Seinen ersten Lauf organisierte Horst Milde als Student der „Freien Universität Berlin“ zusammen mit der Universität 1964 mit dem 1. Berliner Cross-Country-Lauf auf dem Teufelsberg mit sensationellen 750 Teilnehmern, statt der üblichen 70 Teilnehmer konnte jeder mitmachen, statt sonst  nur Vereinsmitglieder.

Bei den ersten sieben Auflagen beschränkte sich das Rennen auf wenig befahrene Straßen und Wegen  im Grunewald.

International wurde der Berlin-Marathon am 27. September 1981 durch den Wechsel von den Waldstraßen des Grunewalds in die Innenstadt, mit Start am Reichstag und Ziel auf der Hauptgeschäftsmeile, dem Kurfürstendamm. Mit 3486 Teilnehmern aus 30 Nationen (2583 Finisher) und der erstmaligen Einbeziehung von Rollstuhlfahrern war es damals eine Sensation in Deutschland.

Die Siegerzeiten verbesserten sich jährlich und die Teilnehmerzahl kletterte auf fast 17.000 aus 60 Nationen, doch 1989 brachte der politische Umbruch eine neue Dimension für den Marathon.

Der BERLIN-MARATHON 1990 schaffte den Durchbruch in die internationale Elite des Marathonlaufs, als am 30. September 1990 (drei Tage vor der deutschen Wiedervereinigung) erstmals ein Feld von 25.000 Teilnehmern aus 61 Ländern von Berlin (West) nach Berlin (Ost) durch das Brandenburger Tor und zurück lief. Der Lauf war ein sportliches und politisches Weltspektakel, das weltweit live übertragen wurde. Aus einem Lauf, der zunächst nur eine Familienangelegenheit war, wurde ein Ereignis, das zwei Tage lang die deutsche Hauptstadt beherrscht, da die Zuschauer vom ersten bis zum letzten Läufer begeistert feiern.

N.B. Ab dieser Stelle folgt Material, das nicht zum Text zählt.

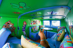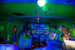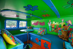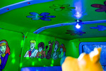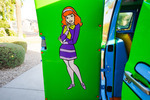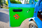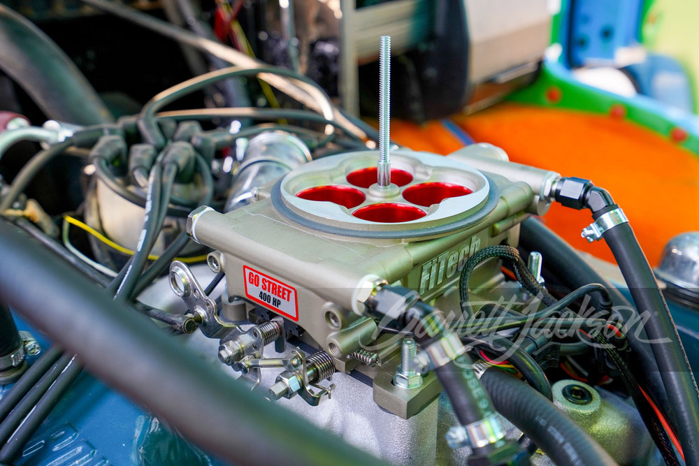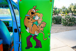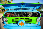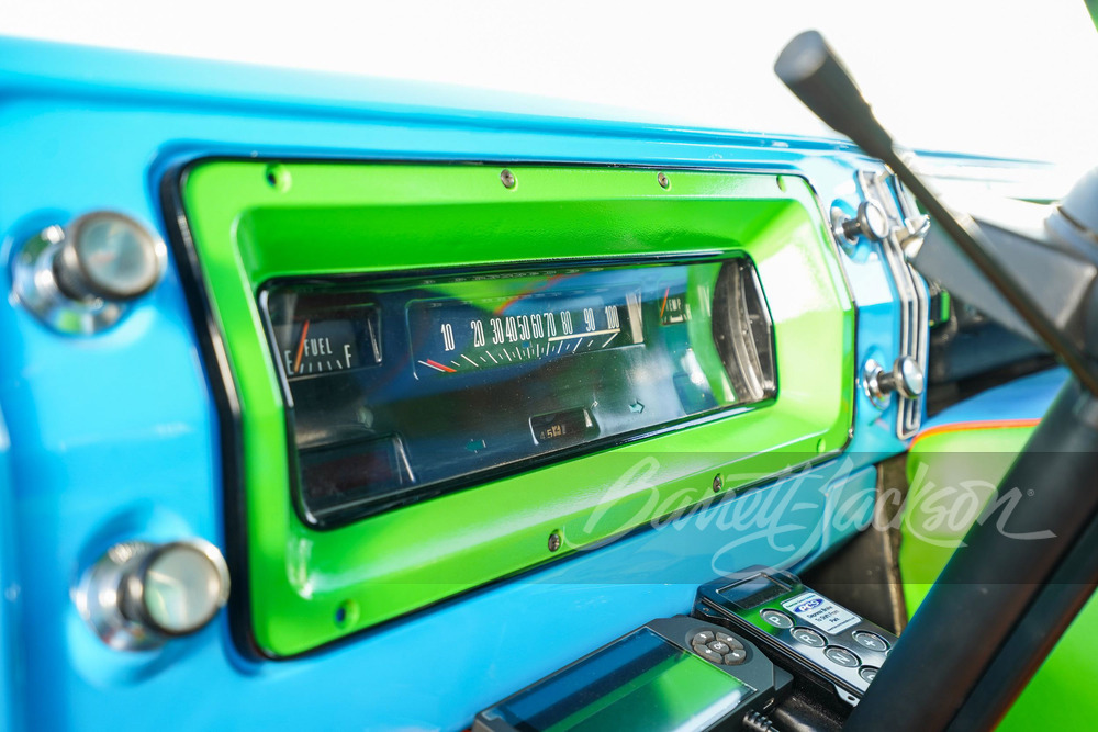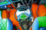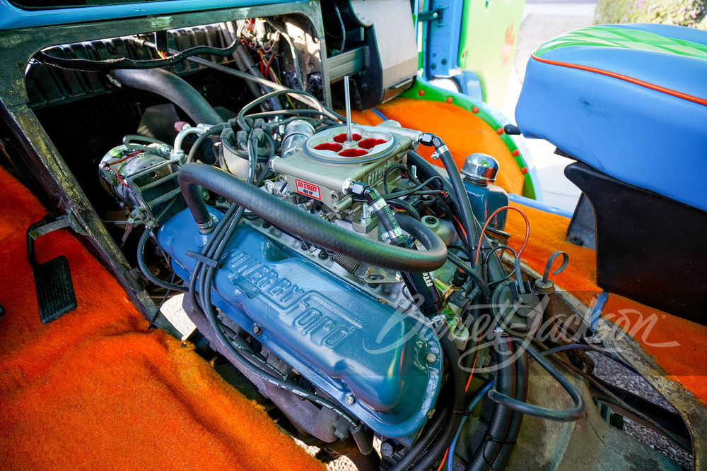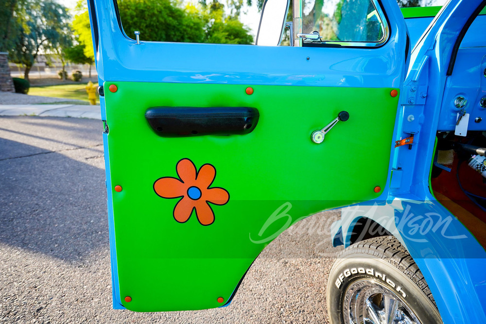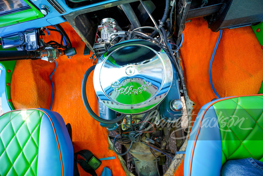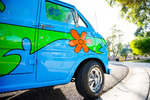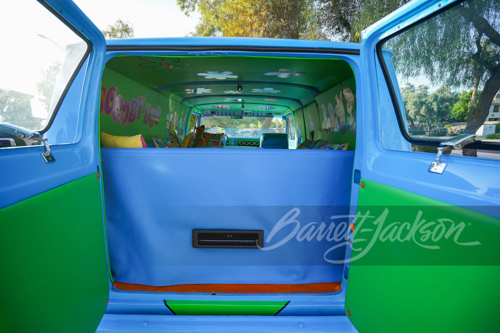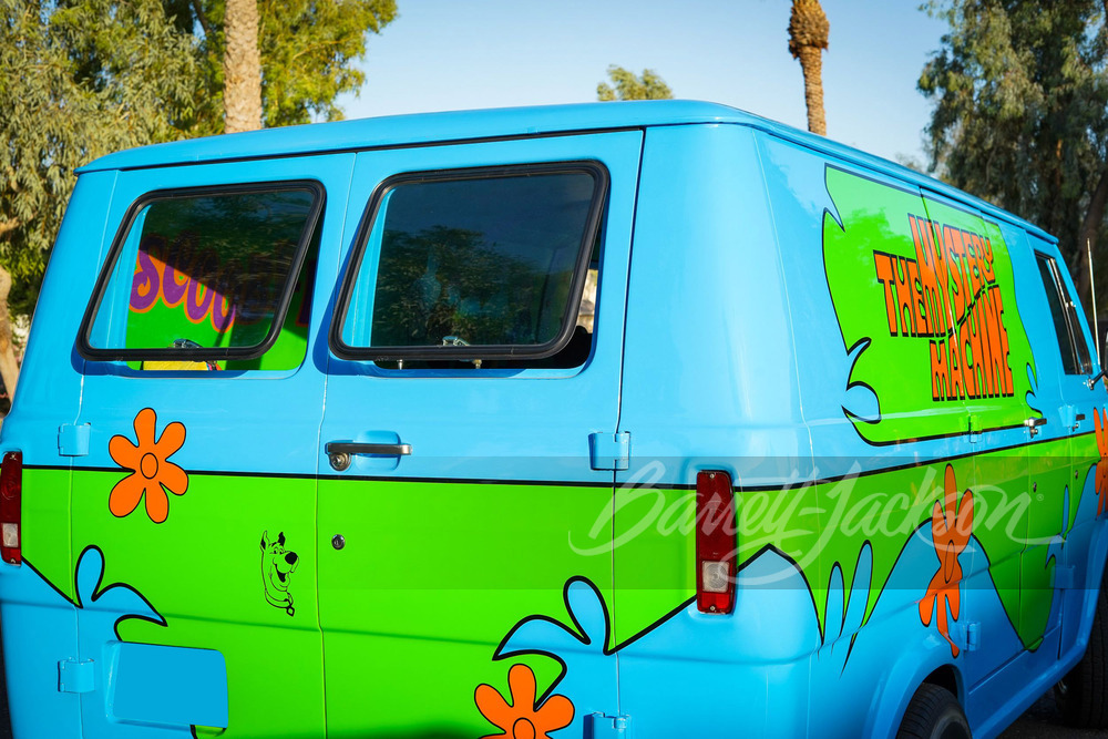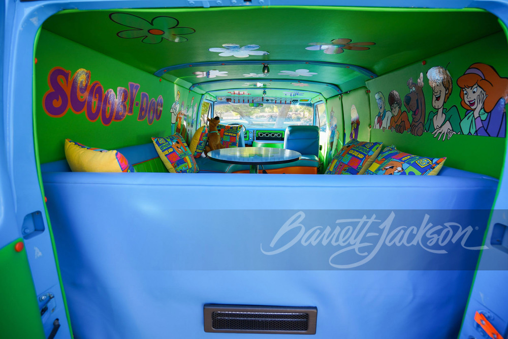 Lot #418 - This 1968 Ford Econoline "Mystery Machine" van re-creation is powered by a 302ci V8 engine mated to an automatic transmission and is finished in the same movie color scheme with blue, lime green and orange. It is equipped with a "ghost finder" instrumental panel and multi-colored strobe lights. This van not only looks great on the inside and out but has been mechanically updated with new fuel injection, front and rear air conditioning, electric power steering and much more. This van has never been smoked in and has been garage-kept. It is an Arizona vehicle with a steel body and good glass.

Auf dem AIMS-Kongress in Macau 1994 schlug Horst Milde vor, das Sportmuseum in Berlin im Olympiapark zum „AIMS Marathon Museum of Running“ zu machen.
Seitdem ist er für das „Marathoneum“ in Berlin für AIMS verantwortlich. Die AIMS-Mitglieder schicken Schenkungen (Medaillen, Urkunden, Startmummern, Poster u.a.m.) von ihren Läufen an das Museum in Berlin zur Dokumentation für spätere Generationen.

                                                                            Horst Milde – Photo: Gesine Milde

 

Nach 1990 gingen die Teilnehmerzahlen zunächst zurück, aber die Siegeszeiten wurden von Jahr zu Jahr besser und die flache und schnelle Strecke sprach die Volksläufer stark an. Als Berlin wieder Hauptstadt von Deutschland wurde, stiegen die Teilnehmerzahlen jedes Jahr auf Rekordniveau.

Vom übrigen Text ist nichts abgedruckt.